Halkın Hukuk Bürosu avukatlarının tutukluluklarının ardından 5 ay geçmesine rağmen hâlâ iddianameleri hazırlanmadı. Tutuklu bulunan avukat eşlerin birbiriyle telefonla görüşmesinin yasak olduğu aktarıldı.

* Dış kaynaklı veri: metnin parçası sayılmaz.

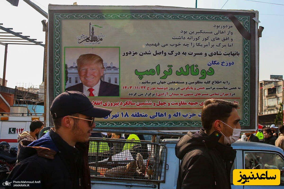 ساعدنیوز: راهپیمایی کنندگان امروز در یک حرکت نمادین اعلامیه ترحیم ترامپ را درست کردند.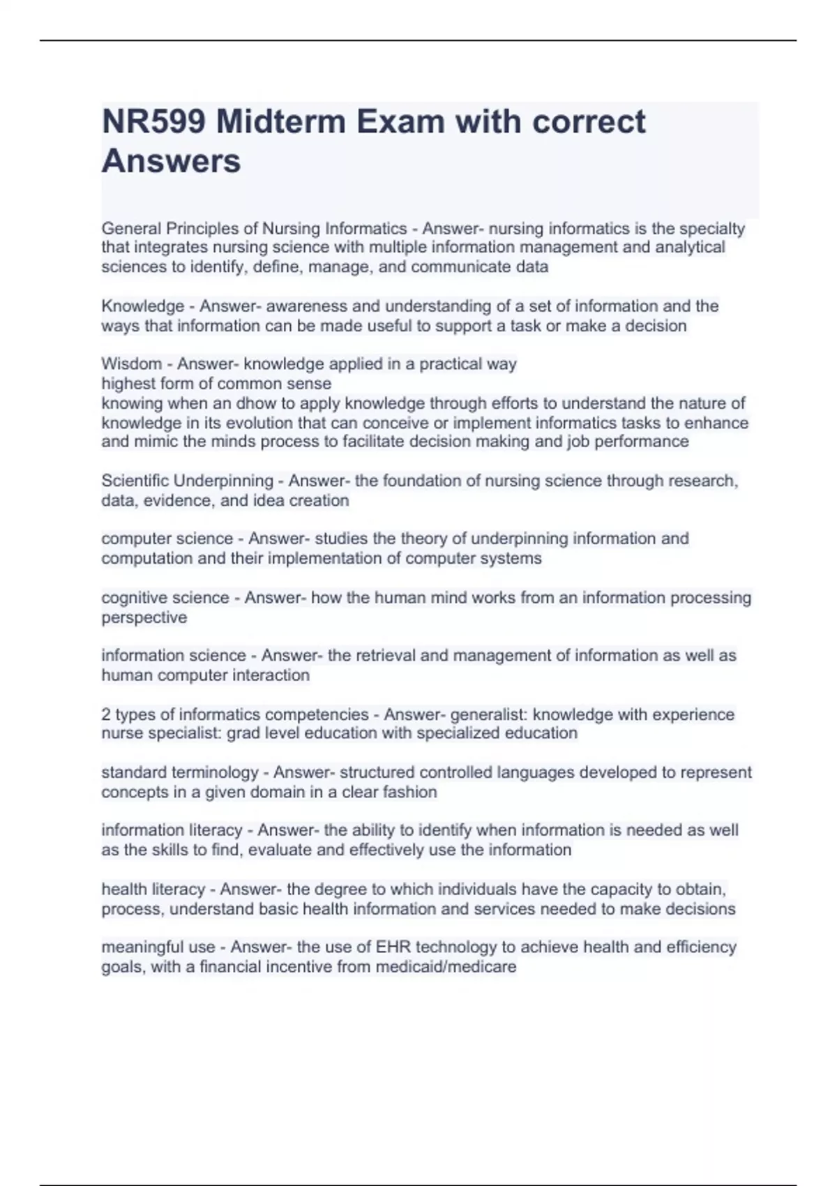 nr599 midterm exam with correct answers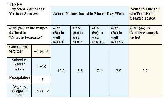 For example, no change in farming activities could account for the sudden change in nitrate level patterns, and the isotopic signatures of nitrates in the wells were completely inconsistent with those for fertilizer.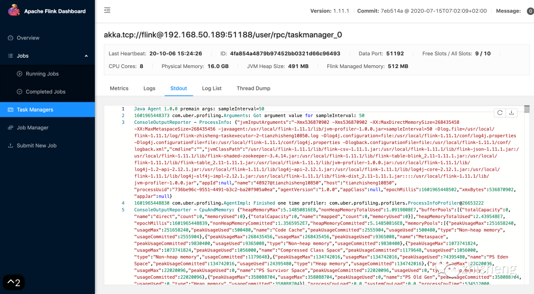 env.java.opts.taskmanager: "-javaagent:/usr/local/flink-1.11.1/lib/jvm-profiler-1.0.0.jar=sampleInterval=50"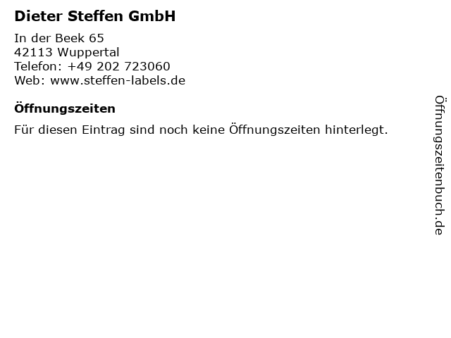 | Öffnungszeiten Dieter Steffen GmbH in Wuppertal anzeigen | |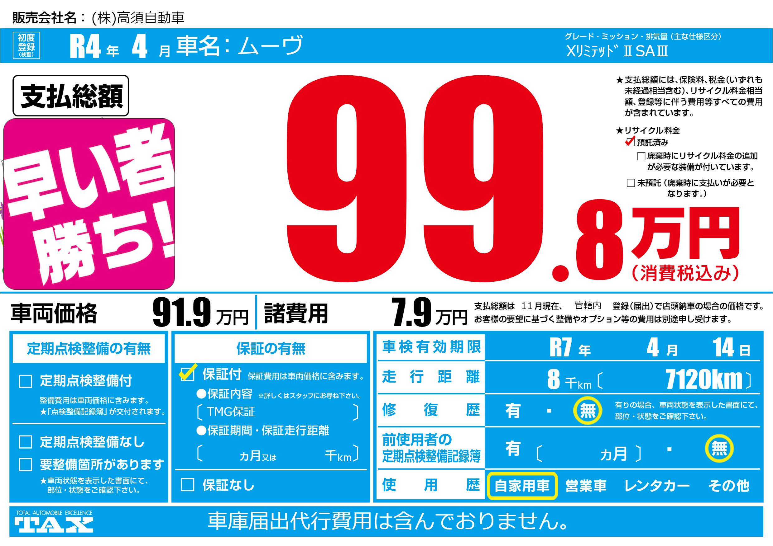 | 車名 | ムーヴ | グレード ミッション 排気量 |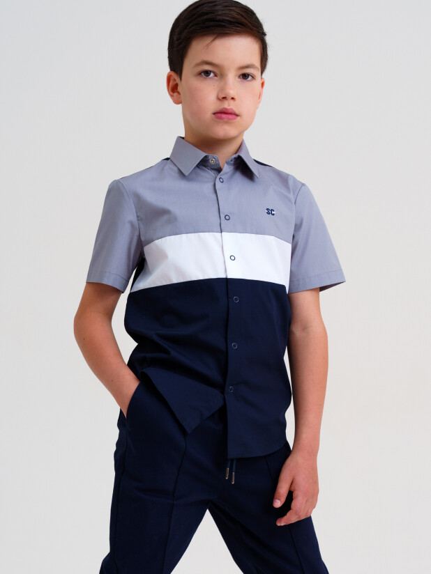 Совет по стилю: Серый, темно-синий и белый цвета делают её универсальной — сочетайте эту модную рубашку для мальчика с коротким рукавом с тёмными брюками и лоферами для торжественного случая, или добавьте джемпер и кеды — и получится стильный школьный образ от PlayToday на каждый день. Модель также отлично подойдёт для выпускного или другого важного мероприятия.

KHK ile işlerindne atıldıktan sonra, "İşimi geri istiyorum" diyerek açlık grevine başlayan akademisyen Nuriye Gülmen ile öğretmen Semih Özakça’nın avukatlıklarını yaptıkları sırada görülecek duruşmadan iki gün önce gözaltına alınıp 22 Eylül 2017’de tutuklanan 18 avukata baskı bitmiyor. İstanbul Cumhuriyet Başsavcılığı tarafından yürütülen soruşturma kapsamında her biri farklı cezaevlerine gönderildiler. “Silahlı terör örgütüne üye olma/DHKP-C” iddiasıyla tutuklanan avukatların, tutuklanmalarından bu yana 5 ay geçmesine rağmen iddianameleri de hâlâ hazırlanmadı.
Hakların sadece adı var
Karabük Cezaevi’nde tutuklu olan avukat Didem Baydar Ünsal ile Burhaniye Cezaevi’nde tutuklu olan Aytaç Ünsal, evli olmalarına rağmen telefon ile görüştürülmüyor. Aytaç Ünsal’ın annesi avukat Nermin Ünsal, Adalet Bakanlığı’na iki eşin iletişim kurması için müracaatta bulundu. Ancak; “Hükümlülere, dışarıdan telefon açılmak suretiyle görüşme yaptırılmaz” yanıtı ile karşılaştı. Avukat Nermin Ünsal, oğlu ve eşine gelen telefon yasağına ilişkin günümüzde farklı cezaevlerindeki hükümlü eşlere telefon hakkının tanındığını belirterek oğlu ve diğer avukatlara tecrit uygulanmasına tepki gösterdi.
Herkese ayrı baskı
Reyhanlı, Soma, Ermenek, Dilek Doğan, Nuriye Gülmen ile Semih Özakça davalarına avukatlık yapan Halkın Hukuk Bürosu avukatları; tutuklanmalarıyla birlikte 8 ayrı cezaevine gönderildi. Avukatlar; Burhaniye, Karabük, Bolu, Balıkesir, Düzce, Edirne, Tekirdağ, ve Tekirdağ T Tipi cezaevlerinde tutuluyor. Stajyer Naim Feyzullah Eminoğlu, Kuzey Kore’ye yaptığı seyahat nedeniyle “Kimden talimat aldınız” denilerek tutuklandı ve Burhaniye Cezaevi’ne gönderildi. Düzce Cezaevi’ndeki avukat Aycan Çiçek ve Ayşegül Çağatay, “tekmil vermedikleri” gerekçesiyle gardiyanlar tarafından robocopla darp edildi. Tazyikli su, cop ile kırılan camlar üzerinde sürüklenen ve ters kelepçe uygulanmaya çalışıldığı sırada kolu kırılan Ergin Gökoğlu da gönderildiği Edirne Cezaevi müdürünün “Ben size göstereceğim, size baş eğdireceğim” ifadeleriyle karşılaşmıştı.